Your goal
Drop the pictures and extract exactly the lines from the one that contains "We are confident" through the end of the material.

Given material
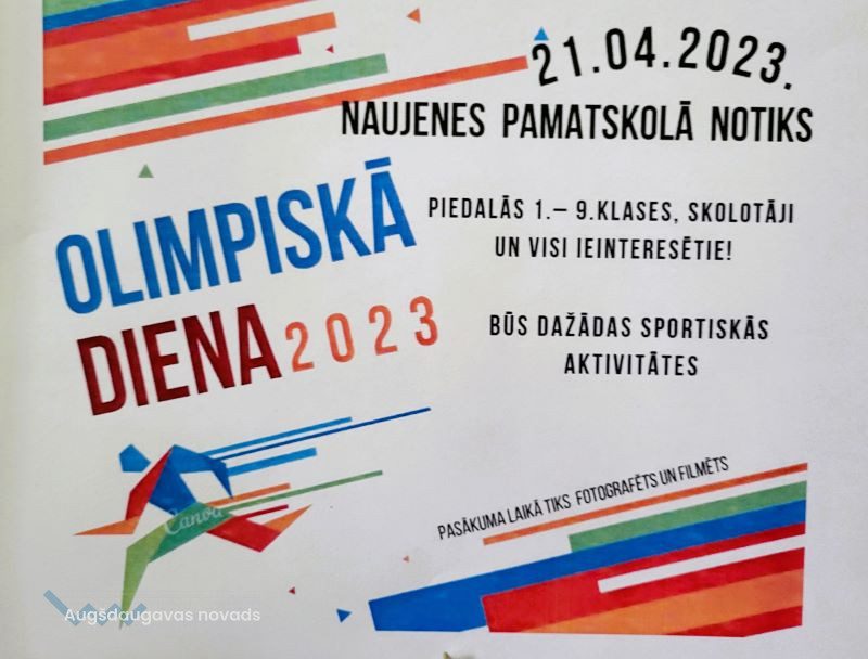 Š.g. 21. aprīlī Naujenes pamatskolā notika jau par tradīciju kļuvusī Olimpiskā diena. Olimpiskās dienas dalībniekus uzrunāja skolas direktors Pāvels BROVKINS, ka šis pasākums ir atgādinājums par veselīga dzīves veida un sportisko aktivitāšu nepieciešamību katram no mums arī ikdienā. Diena iesākās aktu zālē ar kopīgu deju, kuras izdejojot triju Olimpisko dienu vingrojumu kompleksus. To turpinājām ar kārtīgām sportiskām izdarībām: šaušana ar pneimatisko šauteni, galda tenisa bumbiņu trāpīšana glāzītēs, šautriņu mešana, metieni basketbola grozā, ķēdīte – skrējieni komandā uz laiku, bumbiņu ripināšana, šņoru siešana, riņķu mešana uz konusiem, lēcieni ar lecamauklu, šķēršļu joslas pārvarēšana, pārvietojoties ar velosipēdu, volejbols, virves vilkšana.
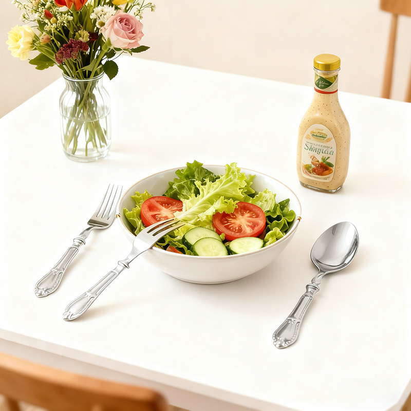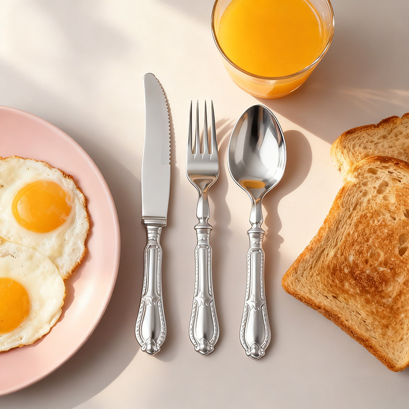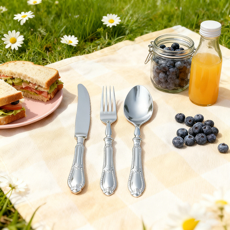 Conception fonctionnelle pratique : Le couteau tranche sans effort rôtis, gâteaux et amuse-gueules ; la fourchette pique fermement salades et fruits de mer ; la cuillère sert soupes et desserts avec aisance, répondant ainsi à tous les besoins culinaires pour les événements et les réunions.
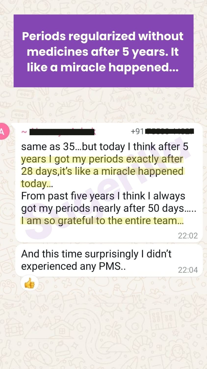 We are confident that if you participate in our program with sincere intention and follow it as guided, you will definitely see results in reversing your PCOD/PCOS. However, if you’ve sincerely followed the program and still don’t see any improvement, or if for any reason you're not satisfied, just send us a message and you will receive a 100% refund. No questions asked. Your trust means everything to us.
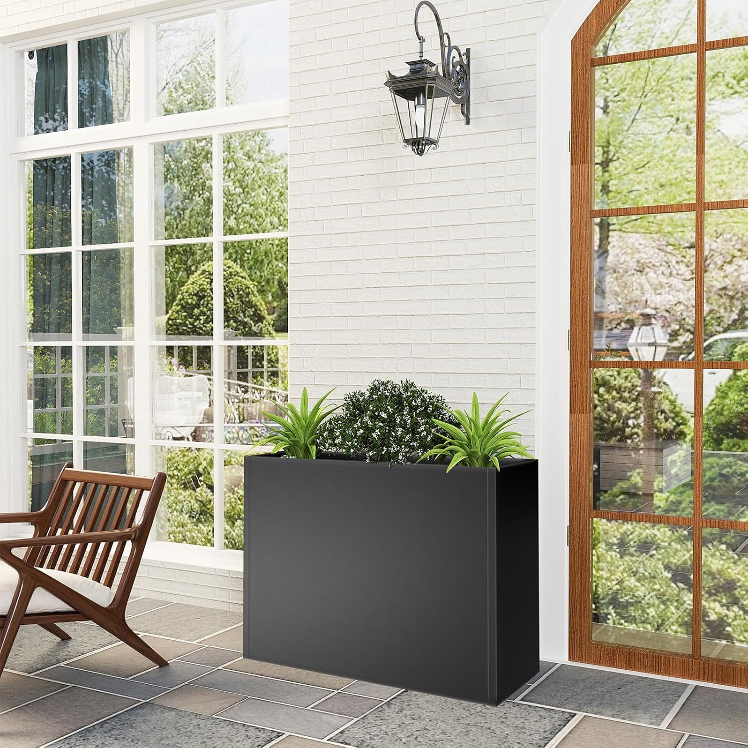 • 【Durable Metal Construction】The tall rectangular planter box is 30"L x 12"W x 24"H, made from high-grade rust-resistant metal that is weather resistant and UV protected for indoor or outdoor use. Its robust Metal construction guarantees structural integrity and visual appeal for years to come.

Answer area
 We are confident that if you participate in our program with sincere intention and follow it as guided, you will definitely see results in reversing your PCOD/PCOS. However, if you’ve sincerely followed the program and still don’t see any improvement, or if for any reason you're not satisfied, just send us a message and you will receive a 100% refund. No questions asked. Your trust means everything to us.
 • 【Durable Metal Construction】The tall rectangular planter box is 30"L x 12"W x 24"H, made from high-grade rust-resistant metal that is weather resistant and UV protected for indoor or outdoor use. Its robust Metal construction guarantees structural integrity and visual appeal for years to come.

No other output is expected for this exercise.